*GOAL OF THE EXERCISE:*
The response should be an exact copy of the records, with the pictures removed.

═════ TASK DATA

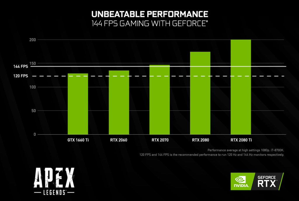 En caso de juegos como APEX LEGENDS, que ha sumado más de 50 millones jugadores durante su primer mes de lanzamiento, NVIDIA recomienda que la mejor tarjeta para garantizar 144FPS es la GeForce RTX 2070 o bien la GeForce RTX 2080 Ti con la que es posible tener más de 200 FPS.
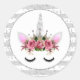 Sticker Rond Parties scintillant d'argent Unicorn Princesse
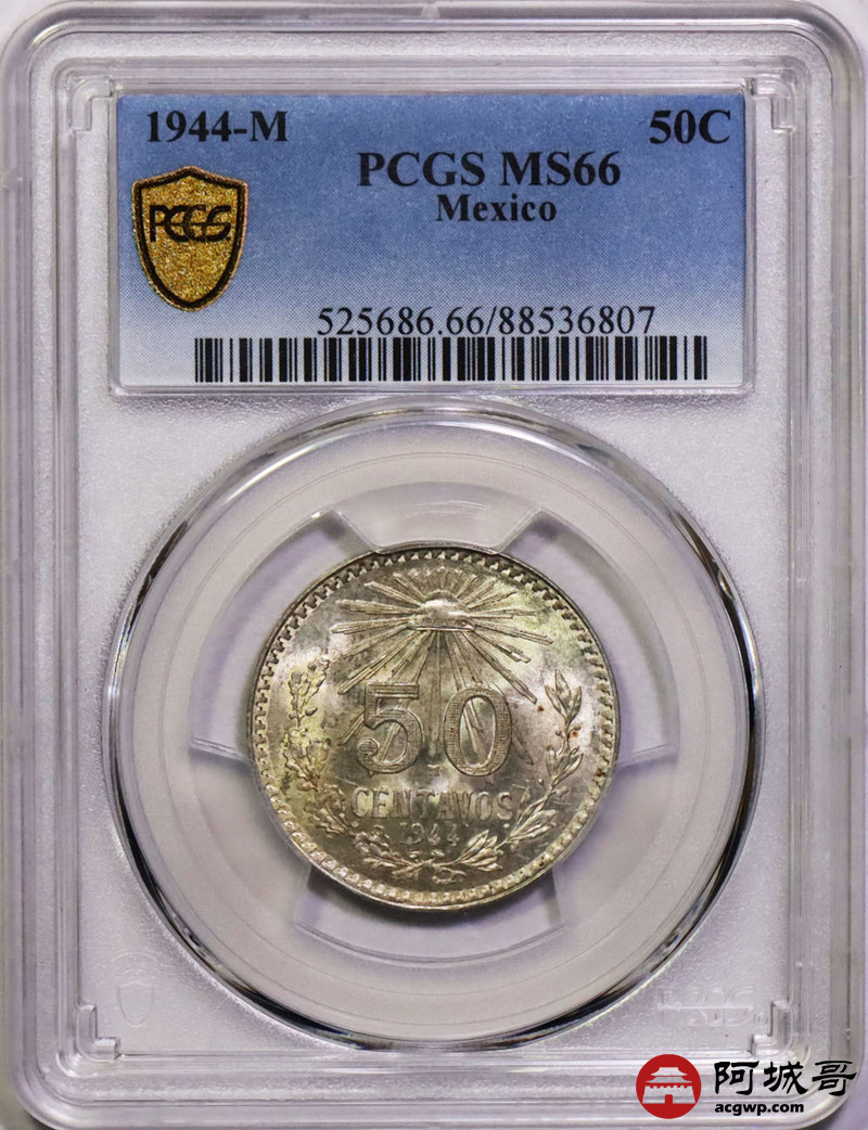 Lot:41 1944M墨西哥鹰洋50C PCGS MS66
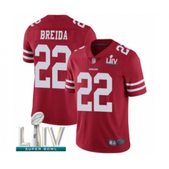>Youth San Francisco 49ers #22 Matt Breida Red Team Color Vapor Untouchable Limited Player Super Bowl LIV Bound Football Jersey
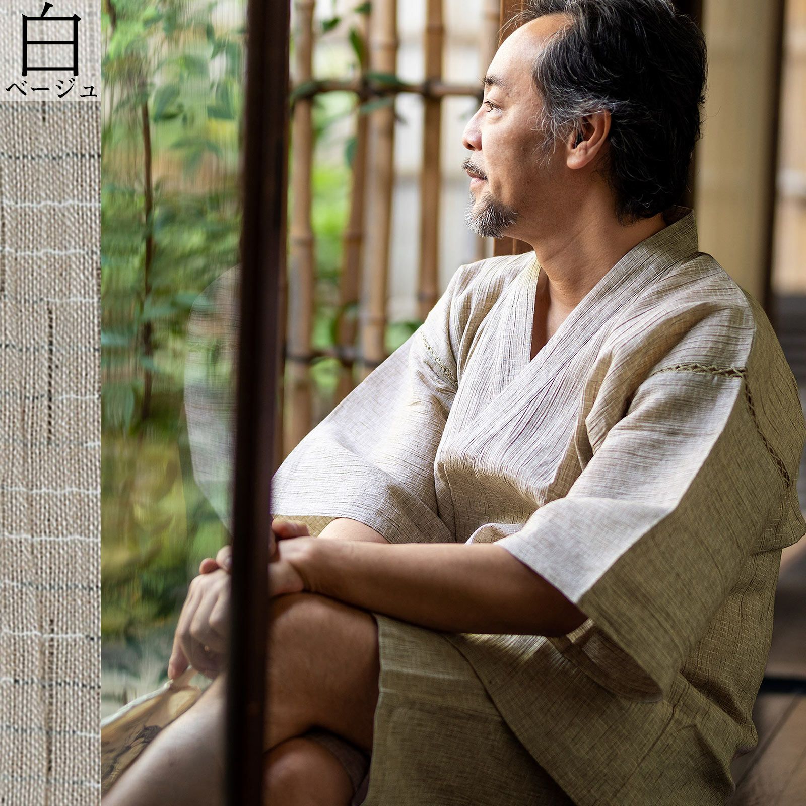日本らしさのあるくつろぎ着で、リラックスできてかつ粋な雰囲気。
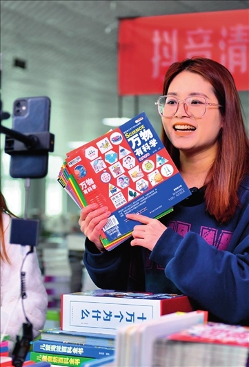 廊坊市永清經(jīng)濟(jì)開(kāi)發(fā)區(qū)京聯(lián)集團(tuán)館配圖書(shū)聯(lián)合現(xiàn)采基地,工作人員在電商平臺(tái)直播銷(xiāo)售圖書(shū)(2023 年 3 月 26 日攝) 駱學(xué)峰攝 / 本刊
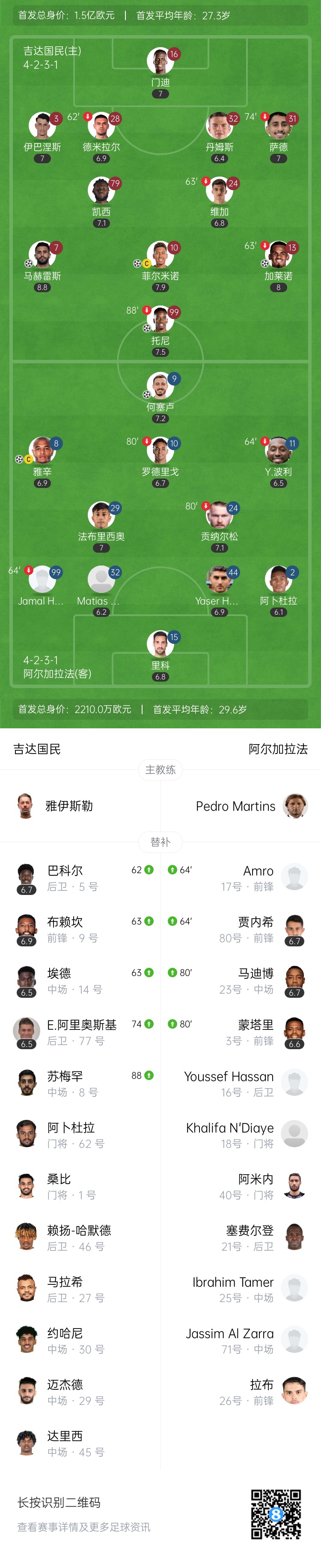 比賽第80分鐘,佈拉希米造點(diǎn)並親自主罰點(diǎn)球命中,加拉法2-4吉達國民↓

══════════

*RESPONSE TO THIS EXERCISE:*
 En caso de juegos como APEX LEGENDS, que ha sumado más de 50 millones jugadores durante su primer mes de lanzamiento, NVIDIA recomienda que la mejor tarjeta para garantizar 144FPS es la GeForce RTX 2070 o bien la GeForce RTX 2080 Ti con la que es posible tener más de 200 FPS.
 Sticker Rond Parties scintillant d'argent Unicorn Princesse
 Lot:41 1944M墨西哥鹰洋50C PCGS MS66
>Youth San Francisco 49ers #22 Matt Breida Red Team Color Vapor Untouchable Limited Player Super Bowl LIV Bound Football Jersey
日本らしさのあるくつろぎ着で、リラックスできてかつ粋な雰囲気。
 廊坊市永清經(jīng)濟(jì)開(kāi)發(fā)區(qū)京聯(lián)集團(tuán)館配圖書(shū)聯(lián)合現(xiàn)采基地,工作人員在電商平臺(tái)直播銷(xiāo)售圖書(shū)(2023 年 3 月 26 日攝) 駱學(xué)峰攝 / 本刊
 比賽第80分鐘,佈拉希米造點(diǎn)並親自主罰點(diǎn)球命中,加拉法2-4吉達國民↓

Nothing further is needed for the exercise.